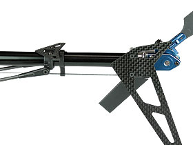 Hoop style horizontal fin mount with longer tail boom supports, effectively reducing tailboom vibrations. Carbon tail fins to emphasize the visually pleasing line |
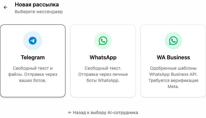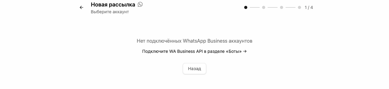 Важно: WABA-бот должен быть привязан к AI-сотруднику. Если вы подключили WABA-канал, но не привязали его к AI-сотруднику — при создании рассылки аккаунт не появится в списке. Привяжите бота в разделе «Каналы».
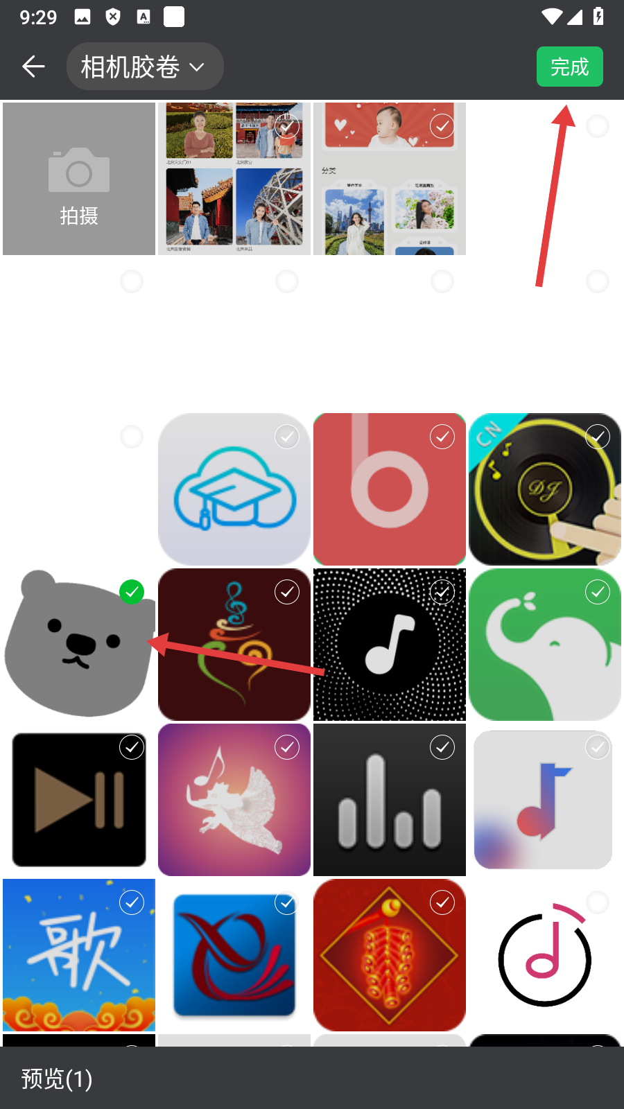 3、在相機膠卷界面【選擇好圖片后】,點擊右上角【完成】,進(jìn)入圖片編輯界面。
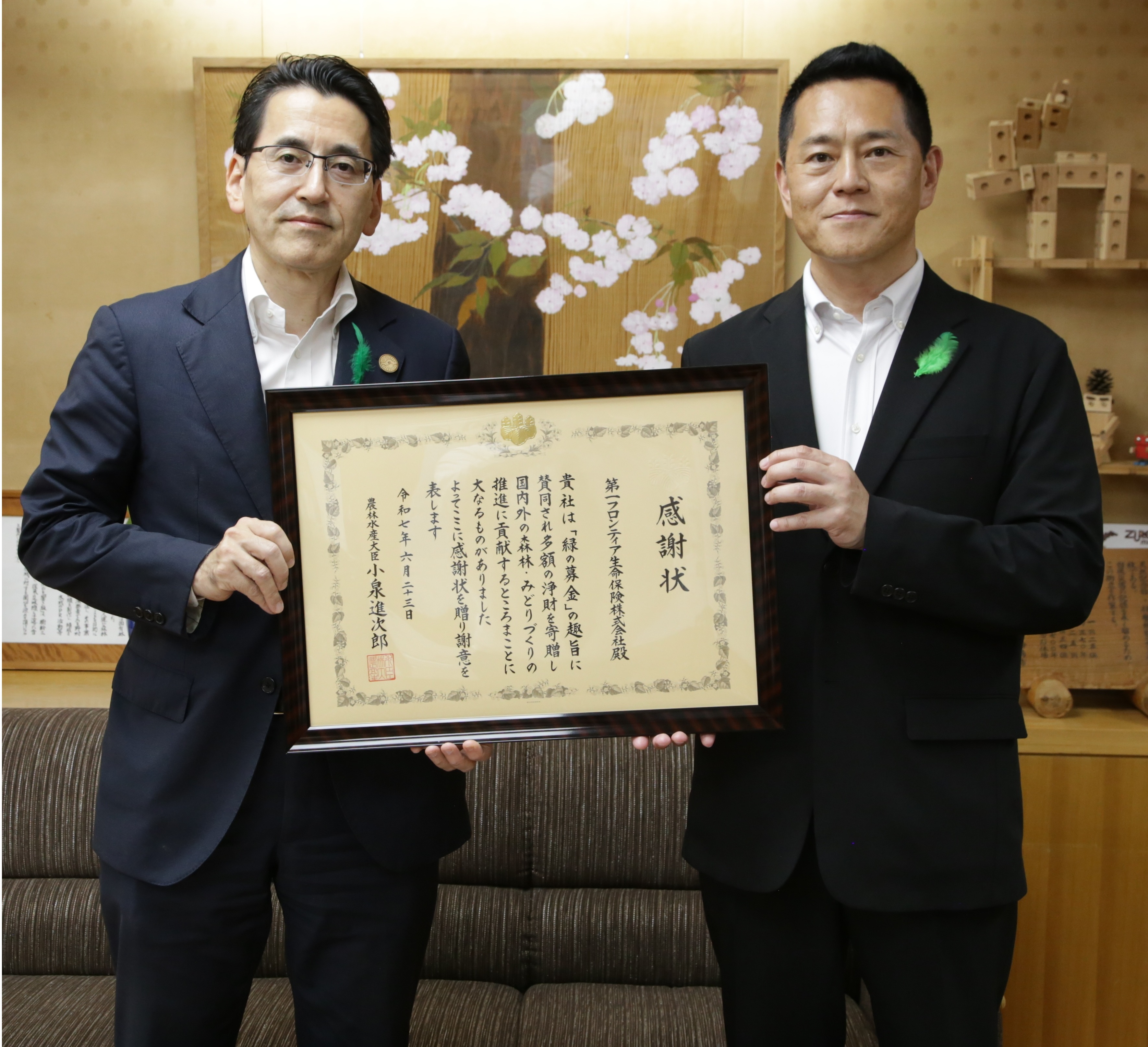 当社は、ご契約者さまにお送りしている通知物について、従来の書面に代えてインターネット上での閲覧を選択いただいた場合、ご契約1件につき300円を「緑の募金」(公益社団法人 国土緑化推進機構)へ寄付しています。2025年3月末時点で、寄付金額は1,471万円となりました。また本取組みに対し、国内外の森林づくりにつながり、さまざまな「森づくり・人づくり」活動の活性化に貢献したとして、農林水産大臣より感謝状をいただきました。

────────────────

▶ _Try it_
Write out the material exactly as it stands, omitting every picture.

▶ _Response area_
 Hoop style horizontal fin mount with longer tail boom supports, effectively reducing tailboom vibrations. Carbon tail fins to emphasize the visually pleasing line |
 Важно: WABA-бот должен быть привязан к AI-сотруднику. Если вы подключили WABA-канал, но не привязали его к AI-сотруднику — при создании рассылки аккаунт не появится в списке. Привяжите бота в разделе «Каналы».
 3、在相機膠卷界面【選擇好圖片后】,點擊右上角【完成】,進(jìn)入圖片編輯界面。
 当社は、ご契約者さまにお送りしている通知物について、従来の書面に代えてインターネット上での閲覧を選択いただいた場合、ご契約1件につき300円を「緑の募金」(公益社団法人 国土緑化推進機構)へ寄付しています。2025年3月末時点で、寄付金額は1,471万円となりました。また本取組みに対し、国内外の森林づくりにつながり、さまざまな「森づくり・人づくり」活動の活性化に貢献したとして、農林水産大臣より感謝状をいただきました。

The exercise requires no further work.